Si al menos pudiera compartir aquel momento con Julie, pensó Lawrence con amargura. Julie, su hija, no tenía miedo a nada. Ella hubiera comprendido como nadie lo que aquel momento significaba para él.
Casi perdió el equilibrio al retroceder por el pasadizo apartando de su camino a los fotógrafos. De nuevo volvieron a relampaguear los flashes de las cámaras. Los periodistas se abalanzaron hacia la puerta de mármol.
—¡Que los hombres vuelvan al trabajo enseguida! —gritó Lawrence—. Que terminen de despejar el pasaje hasta la puerta. Quiero entrar esta noche en esa tumba.
—Lawrence, no te precipites —le advirtió Samir—. Hay algo en todo esto que no debemos menospreciar.
—Samir, me asombras —respondió Lawrence—. Hace diez años que excavamos estas colinas en busca de algo como esto. Y nadie ha tocado esa puerta desde que fue sellada hace dos mil años.
Con gesto malhumorado apartó a los periodistas que se agolpaban a su alrededor. Hasta que llegara el momento de abrir la puerta necesitaba refugiarse en su tienda y en su diario, el único confidente apropiado en aquel momento. De repente se sintió mareado por el calor del largo día.

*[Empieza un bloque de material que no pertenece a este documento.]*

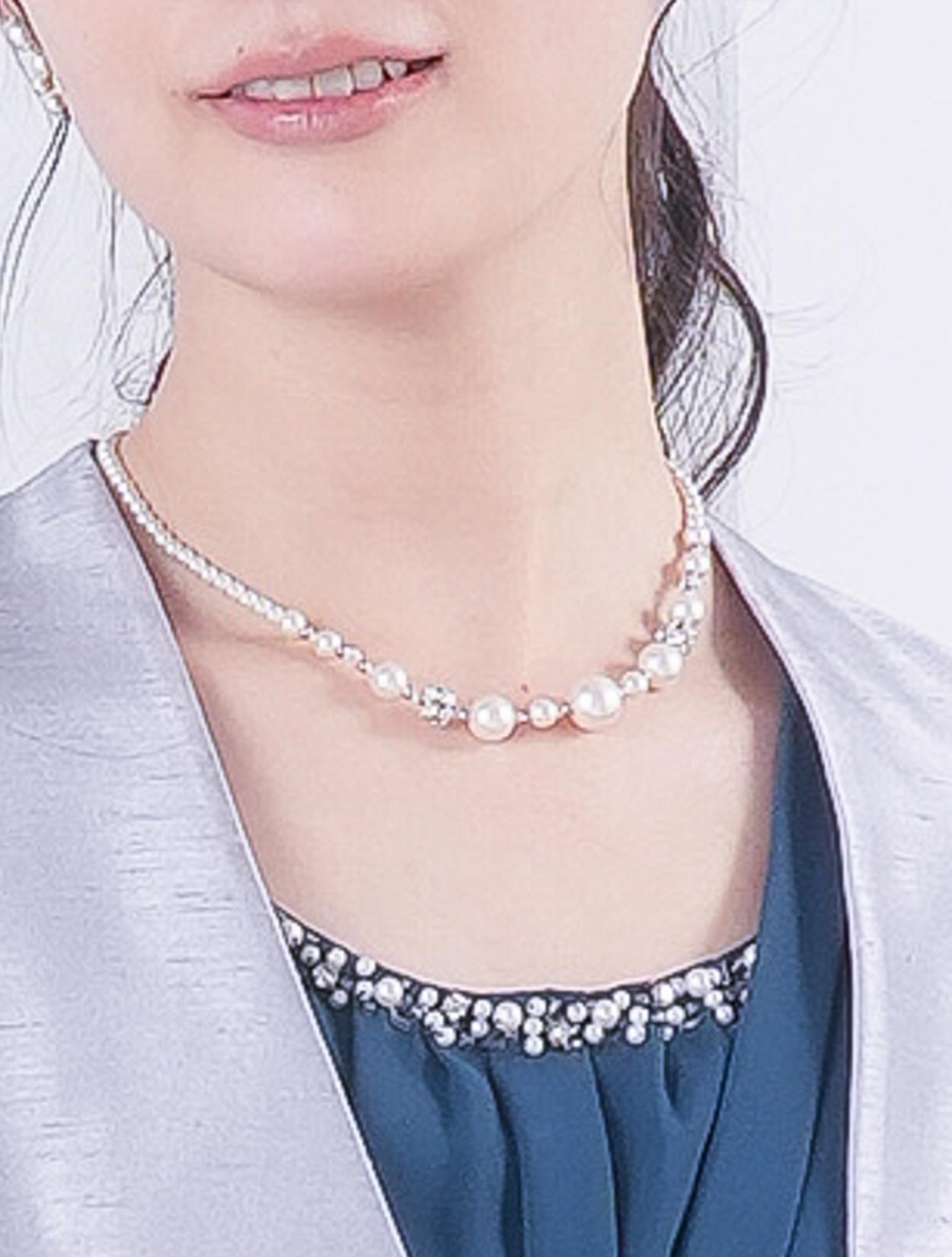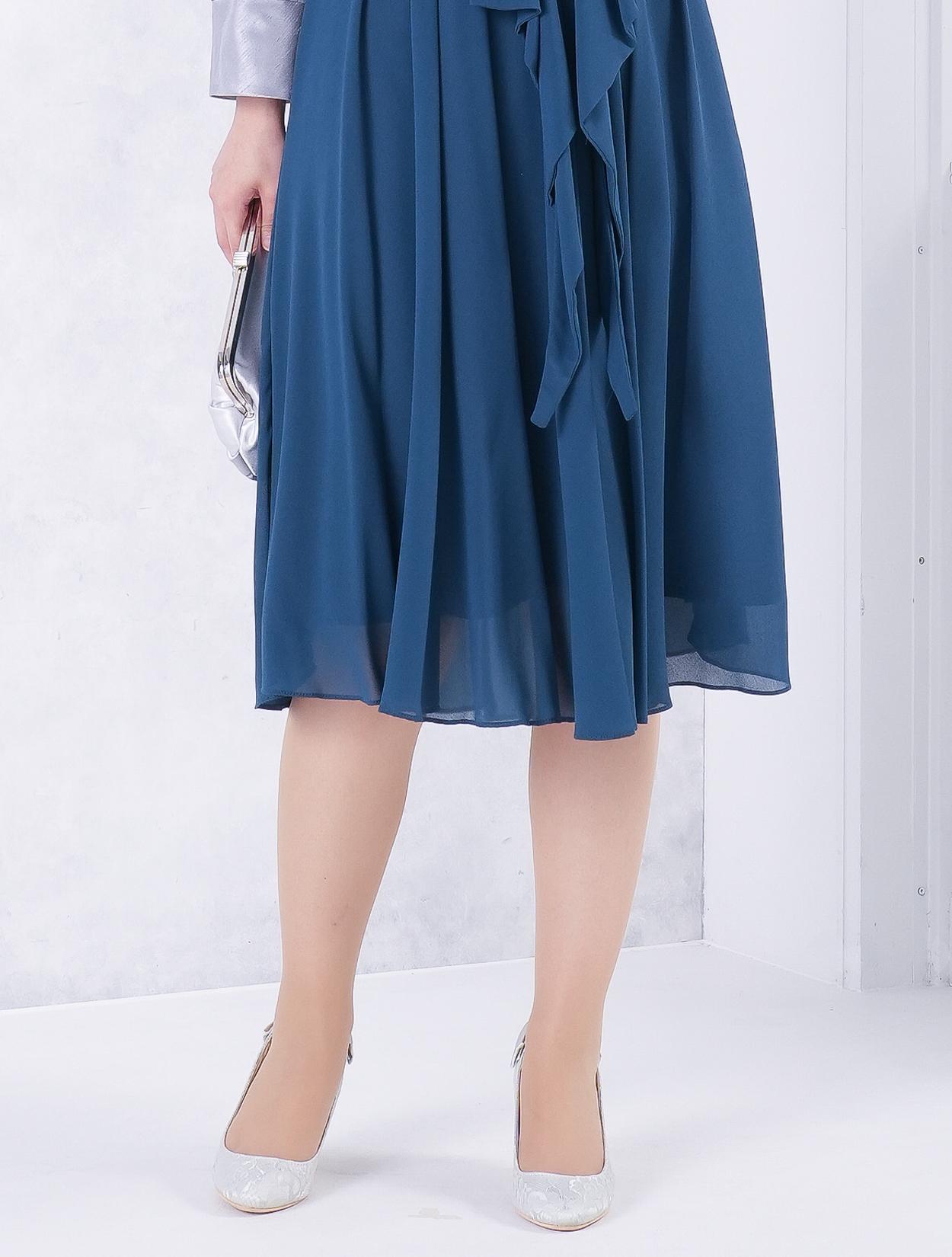 ■ラッフルリボンがポイントのミディ丈ドレス。フロントにあるラッフルリボンと襟ぐりパールがフェミニンな印象に♪

—No hay declaraciones por el momento, señores —dijo Samir cortésmente. Como siempre, Samir era el enlace entre Lawrence y el mundo real.
Lawrence descendió por el irregular sendero cojeando ligeramente mientras entrecerraba los ojos y admiraba la sombría belleza de las tiendas iluminadas por antorchas a la suave luz violeta del atardecer.
Tan sólo una cosa distrajo su atención antes de que se refugiara en su tienda, ante la mesa de campaña: la visión de su sobrino Henry, que lo observaba con aire indolente desde cierta distancia; Henry, enfundado en su arrugado traje de lino blanco y con cara de pocos amigos, tan incómodo y fuera de lugar en Egipto; Henry, con el inevitable vaso de whisky en la mano y el eterno cigarro en los labios.
Sin duda estaba con él Malenka, aquella bailarina del vientre de El Cairo que entregaba a su señor inglés todo lo que ganaba.
Lawrence no conseguía olvidarse nunca por completo de Henry, pero tenerlo delante era más de lo que podía soportar.